DONGGUAN, China — No gold. No medal. No more winning streak.
The US reign atop international basketball has ended — this time thwarted by France at the World Cup.
For the first time since 2006, the US sent NBA players to a major international tournament and won’t win gold.
Evan Fournier scored 22 points, Rudy Gobert had 21 points and 16 rebounds, and France beat the US, 89-79, in the World Cup quarterfinals Wednesday, rallying from a 7-point fourth-quarter deficit.
‘‘Any loss hurts,’’ US coach Gregg Popovich said. ‘‘And in this situation, it hurts more. But life goes on.”
The US had won 58 consecutive tournament games in FIBA and Olympic competition.
The best the Americans can do now is finish fifth.
Donovan Mitchell scored 29 points for the US, all in the first three quarters. The Americans came up scoreless on six consecutive possessions down the stretch, a drought that allowed the French to take control of a back-and-forth game.
‘‘Just got to take it like a man at this point,’’ said US guard and new Celtic Kemba Walker. ‘‘We lost. There’s nothing we can do.”
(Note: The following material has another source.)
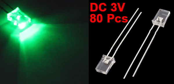 80 Pcs 3mm x 5mm x 7mm Head 2Pin DIP LED Green Light Emitting Diode Bulb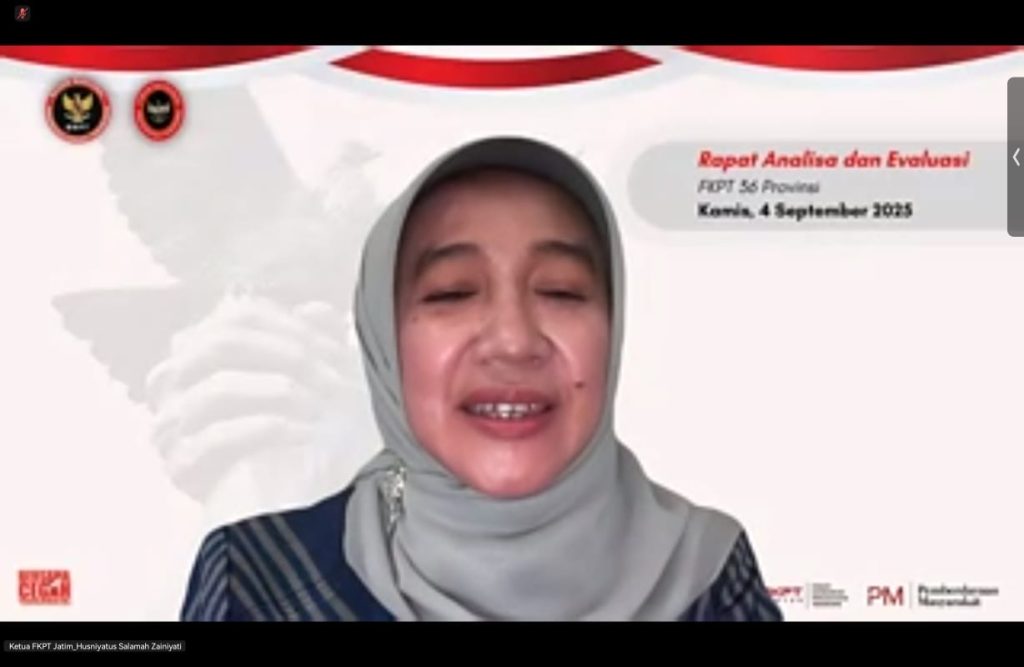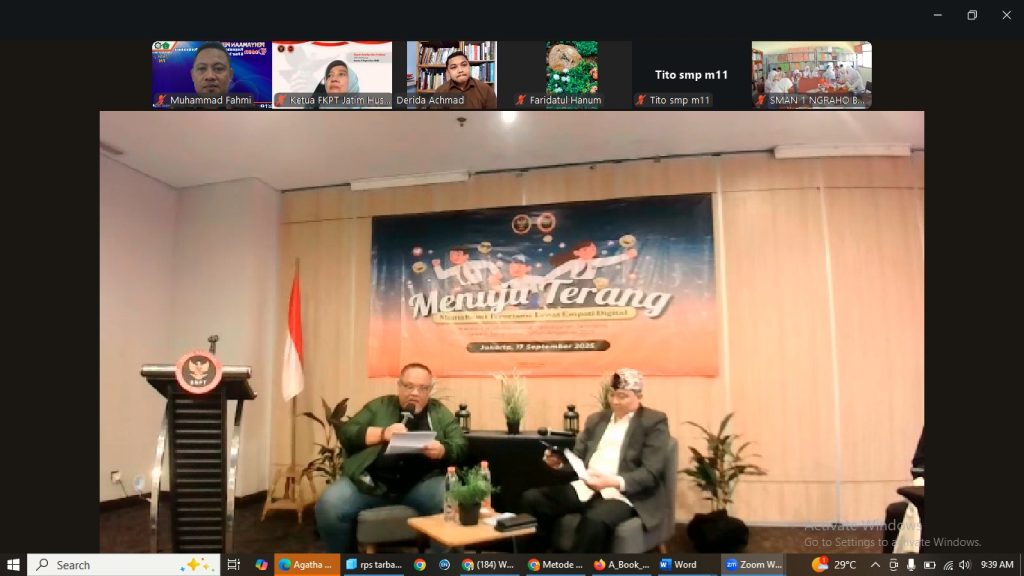 Dalam kegiatan “Menuju Terang: Memahami Terorisme Lewat Empati Digital” yang digelar secara daring melalui aplikasi Zoom oleh Badan Nasional Penanggulangan Terorisme (BNPT) Republik Indonesia bersama Forum Koordinasi Pencegahan Terorisme (FKPT) Jawa Timur pada Rabu, 17 September 2025, telah menghadirkan narasumber dari dosen FTK UINSA yang sekaligus Ketua FKPT Jawa Timur, Prof. Dr. Husniyatus Salamah Zainiyati, M.Ag., serta Dr. Kol. (Sus) Harianto, M.Pd., Kabid Pemberdayaan Masyarakat BNPT, dan Ahmad Derrida, Kapus Pemuda Moderasi Beragama UNESA.

Nando De Colo scored 18 for France, which held the US to 4-for-15 shooting in the fourth quarter — and benefited from the Americans going 4 for 11 from the foul line in the final 10 minutes.
‘‘We came here to win gold,’’ Gobert said. ‘‘We knew it wasn’t going to be easy. A lot of people counted us out, but we got the win.’’
Gobert said beating the Americans wasn’t the goal — winning gold is.
‘‘It doesn’t mean anything if you don’t win in the end,’’ Gobert said.
France was up 10 early in the second half. The US went on a 31-14 run over the next 10 minutes to go up by 7. And then the French responded with a 15-2 run over the next five minutes, going up, 82-76, on a long jumper by Frank Ntilikina with 2:05 left.
Mitchell had a chance to get the US within 2 with about a minute left, driving against Gobert, but the Utah center read what the Utah guard was going to do perfectly, swatting the try away.
‘‘We beat the US, and that’s huge, but we haven’t won anything yet,’’ France’s Nicolas Batum said.
France had been 0-9 against the US in major international play, most of those outcomes one-sided affairs. But the last meeting between the nations was only a 100-97 US win at the Rio de Janeiro Olympics three years ago, and France returned three players — Gobert, De Colo, and Batum — who got minutes in that game.
None of the US players who played that afternoon in Rio are on this year’s World Cup team.
France outrebounded the US, 21-12, in the first half, Gobert found his way to the line 10 times in the game’s first 20 minutes and the Americans went into the break trailing, 45-39. The US had trailed for 8:25 in their first five games combined — and trailed for 11:24 in the first half alone Wednesday.
Fournier’s layup with 7:33 left in the third gave France a 53-43 lead, and that’s when Mitchell got going.
He had 14 points in the third quarter, and his dunk with 2:40 left pulled the US into a 60-60 tie. Marcus Smart made three free throws after getting fouled by Gobert to put the US back on top, and the Americans took a 66-63 lead into the fourth.
But they couldn’t finish it off.
‘‘You’ve got to tip your cap to them,’’ US guard Joe Harris said. ‘‘They outplayed us. They deserved to win.”